# Blower heater



## Mrfrench02 (Feb 13, 2020)

Evening chaps, looking for some guidance pls, 2000 chieftain. Had the usual 1,2 and 3 on the heater give up the ghost but 4 worked. Researched the usual, fuse OK, so sourced a new resistor from euro car parts. Found the location and changed it out with no dramas.

Fitted new one and as if by magic, puff, all 4 levels working again...... perfect. Fitted the bottom part of the dash to cover everything, tried it again before locking up.......but all gone, back to original problem (only 4 is working). Could have been me but thought I smelt a faint odour of fish??) , couldn't see anything wrong so at a complete loss. Rechecked fuse, all OK. Removed the actual fan and that was clean and spun freely. 
So kinda leads me to a couple of thoughts....... burned out new resistor? (If so, what's causing that) or does it have a large square relay that could have blown? If so, would u have to renew that and renew my recently purchased resistor??

Happy new Yr to you all and as always, thank u for ur advice


----------



## Penquin (Oct 15, 2007)

Do you have a multimeter to check whether resistor actually HAS blown ?

The process of refitting seems to have triggered it, are there any screws or similar that might have shorted something out ?

The odour MIGHT indicate that something has built a nest or laid eggs somewhere inside it, or that a mouse had tried to gain access via that touted and met a timely end there, might be worth checking. Wasps do form nests in very small places and other insects lay eggs in similar, so that MIGHT be worth checking.

The multimeter on an isolated resistor should be able to show whether current can pass through and you could compare the values on the old and the new ones.

Just a few random thoughts, you have probably had these before but....

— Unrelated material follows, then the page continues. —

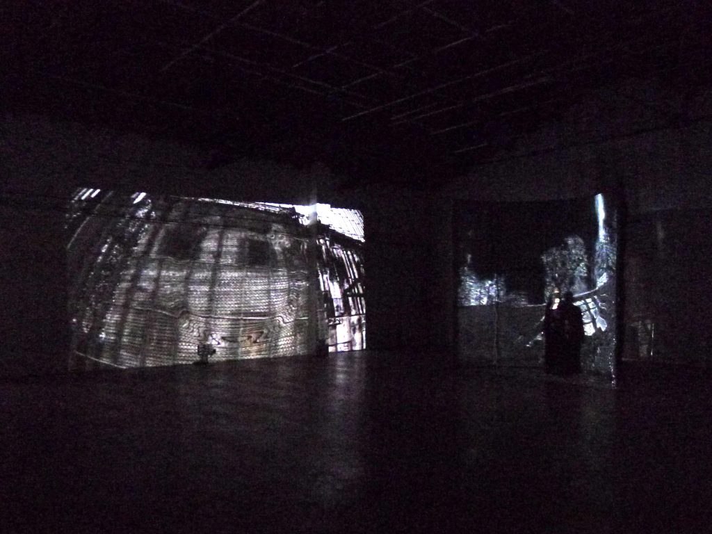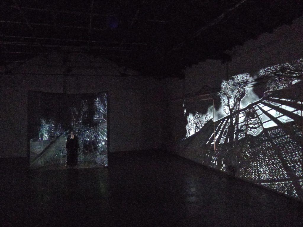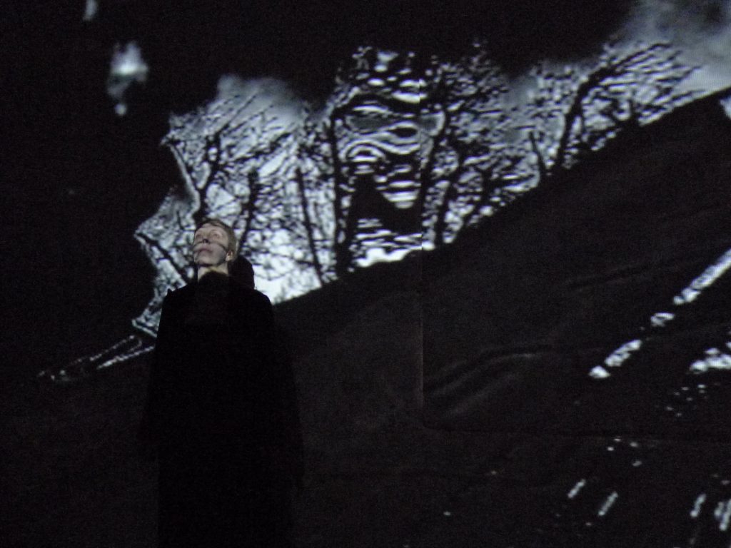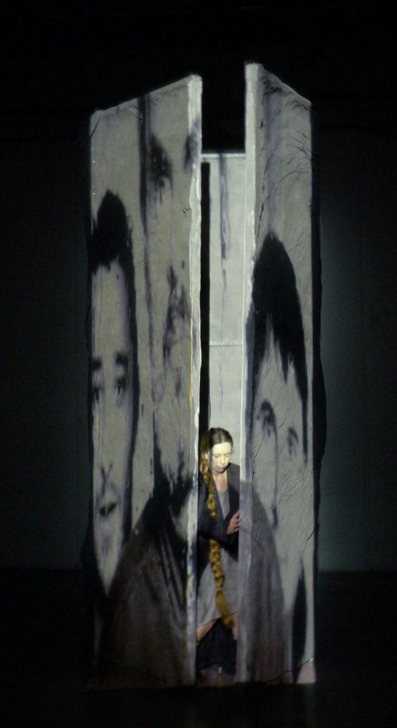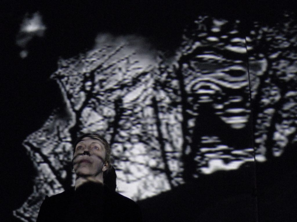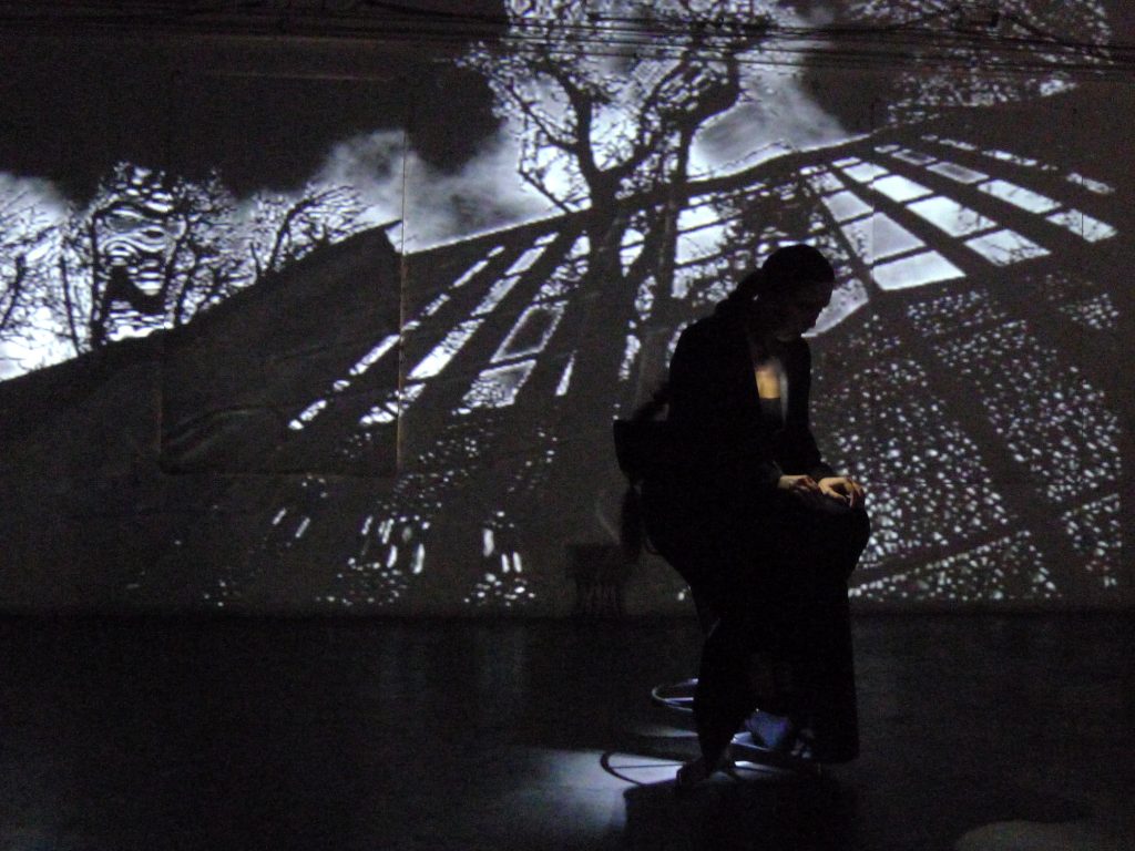 (…) Senso di colpa che è fulcro e snodo anche della personalissima (come sempre originale e visionaria) versione del “Macbeth”pensato e architettato dai Lenz nelle loro forme deturpate, video nebbiosi sfumati, voci disturbanti come crepe a creare un tappeto dove i sensi si perdono e defluiscono, si miscelano come vasi comunicanti, si frantumano. Il canto shakespeariano sulla colpa e sui fantasmi che assillano la mente del colpevole qui diventamonologo (Sandra Soncini vestale rituale imperturbabile) ma supportato da un coro, in video, composto dai volti frammentati dipazienti detenuti in Ospedali psichiatrici giudiziari (Opg). Pezzi di occhi e denti (di chi ha commesso realmente reati e si è macchiato di colpe indelebili) proiettati su una struttura circolare che ingloba come placenta, protegge come mano, si chiude come persiana, sbadiglia come confessionale, che è paravento dove nascondersi, grotta e abbraccio e curva. (…)

Happy (isolated) New Year to you too and let's all hope it is better than 2020.


----------



## Mrfrench02 (Feb 13, 2020)

Hi penguin, 

I took the fan out to check for such animals but found it perfectly clear. 
When I removed the resistor it was only held in with one screw but I put it back with two. I'll check I haven't shorted anything out. Other than inside the fan, where else would the animals lay eggs etc??
I haven't got a multi meter so will try to source one. Thanks for your input


----------



## nickkdx (May 26, 2009)

I’ve heard of people having problems and it turns out to be the actual switch
When my fan failed that was due to the fuse melting the holder, removed wires and fitted separate fuse holder.


----------



## Mrfrench02 (Feb 13, 2020)

When u say the actual switch, do u mean the turn handle on the dash or is it something behind the dash within the wiring looms ?


----------



## nickkdx (May 26, 2009)

Mrfrench02 said:


> When u say the actual switch, do u mean the turn handle on the dash or is it something behind the dash within the wiring looms ?


Yes the actual dash switch


----------